▶ [DATA SHOWN]
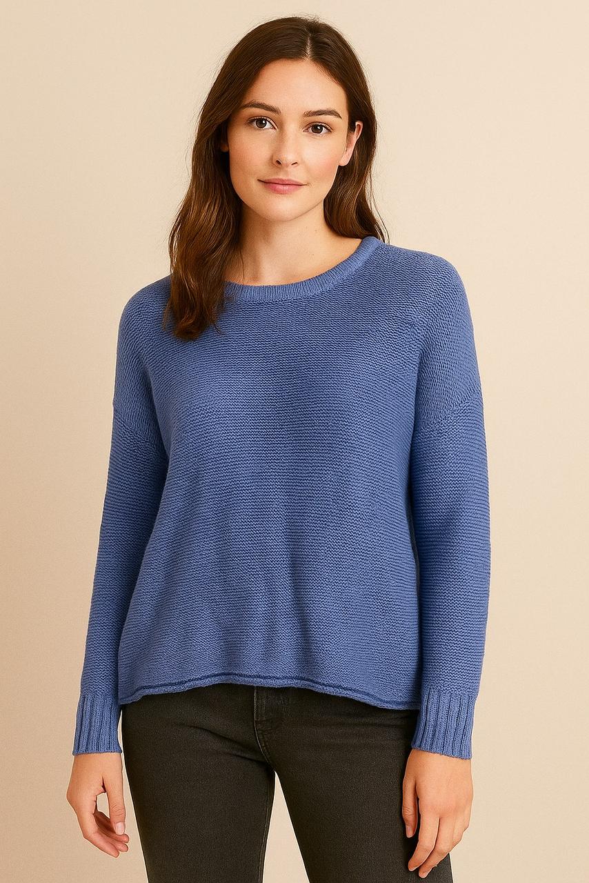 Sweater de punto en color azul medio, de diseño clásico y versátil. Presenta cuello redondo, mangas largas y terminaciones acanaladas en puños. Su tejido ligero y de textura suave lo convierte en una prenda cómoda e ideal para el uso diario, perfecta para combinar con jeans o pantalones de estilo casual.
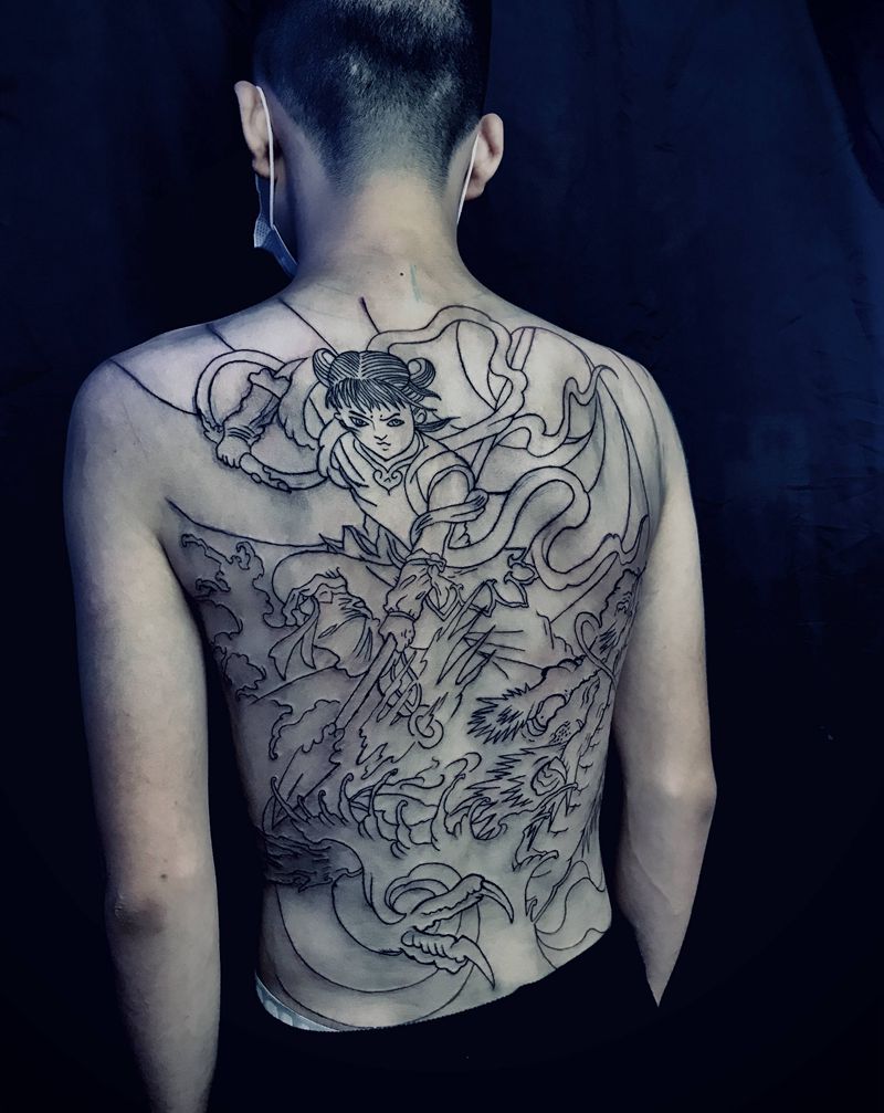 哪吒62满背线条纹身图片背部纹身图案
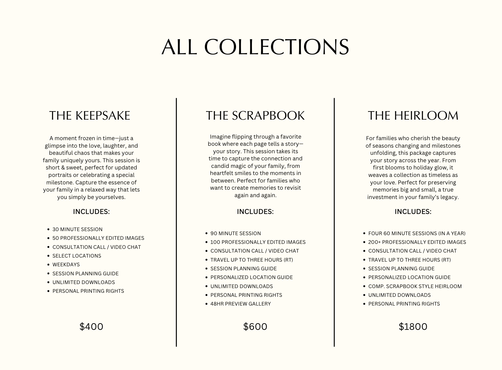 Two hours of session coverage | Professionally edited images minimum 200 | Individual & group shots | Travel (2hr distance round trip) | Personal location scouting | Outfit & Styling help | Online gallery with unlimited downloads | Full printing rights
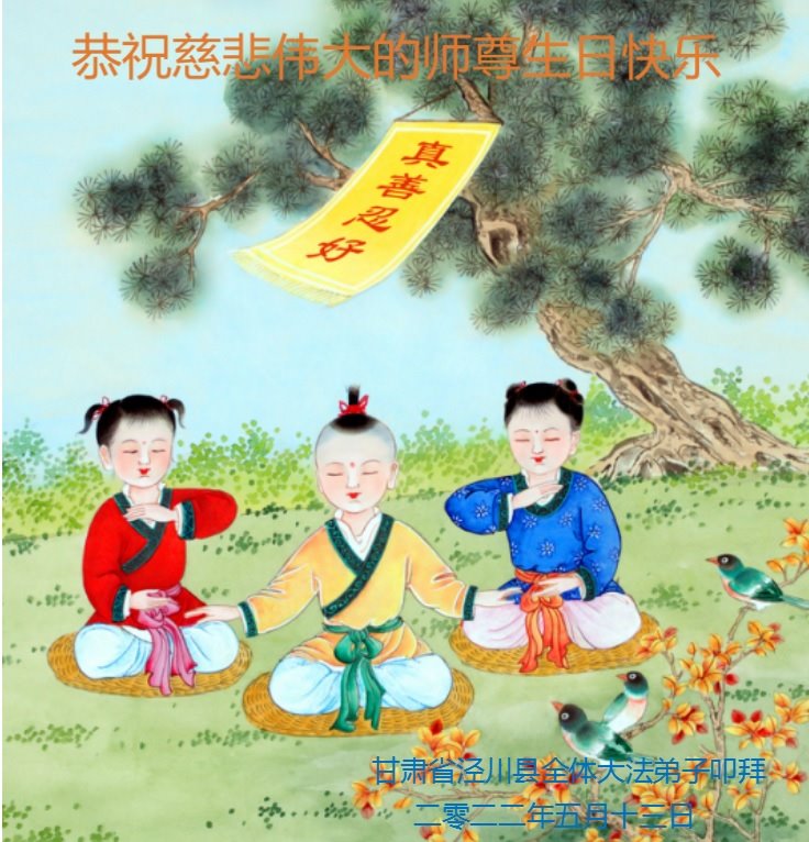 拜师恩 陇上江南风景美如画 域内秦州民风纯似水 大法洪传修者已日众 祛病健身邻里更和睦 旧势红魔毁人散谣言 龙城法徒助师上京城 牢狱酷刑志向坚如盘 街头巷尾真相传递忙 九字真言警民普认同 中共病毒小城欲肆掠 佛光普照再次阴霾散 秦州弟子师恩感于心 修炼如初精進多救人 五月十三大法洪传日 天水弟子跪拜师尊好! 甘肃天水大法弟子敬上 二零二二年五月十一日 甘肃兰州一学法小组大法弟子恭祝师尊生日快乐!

▶ [TASK DETAILS] Please output all of the data exactly as given, omitting any images it holds.

▶ [ANSWER BOX]
 Sweater de punto en color azul medio, de diseño clásico y versátil. Presenta cuello redondo, mangas largas y terminaciones acanaladas en puños. Su tejido ligero y de textura suave lo convierte en una prenda cómoda e ideal para el uso diario, perfecta para combinar con jeans o pantalones de estilo casual.
 哪吒62满背线条纹身图片背部纹身图案
 Two hours of session coverage | Professionally edited images minimum 200 | Individual & group shots | Travel (2hr distance round trip) | Personal location scouting | Outfit & Styling help | Online gallery with unlimited downloads | Full printing rights
 拜师恩 陇上江南风景美如画 域内秦州民风纯似水 大法洪传修者已日众 祛病健身邻里更和睦 旧势红魔毁人散谣言 龙城法徒助师上京城 牢狱酷刑志向坚如盘 街头巷尾真相传递忙 九字真言警民普认同 中共病毒小城欲肆掠 佛光普照再次阴霾散 秦州弟子师恩感于心 修炼如初精進多救人 五月十三大法洪传日 天水弟子跪拜师尊好! 甘肃天水大法弟子敬上 二零二二年五月十一日 甘肃兰州一学法小组大法弟子恭祝师尊生日快乐!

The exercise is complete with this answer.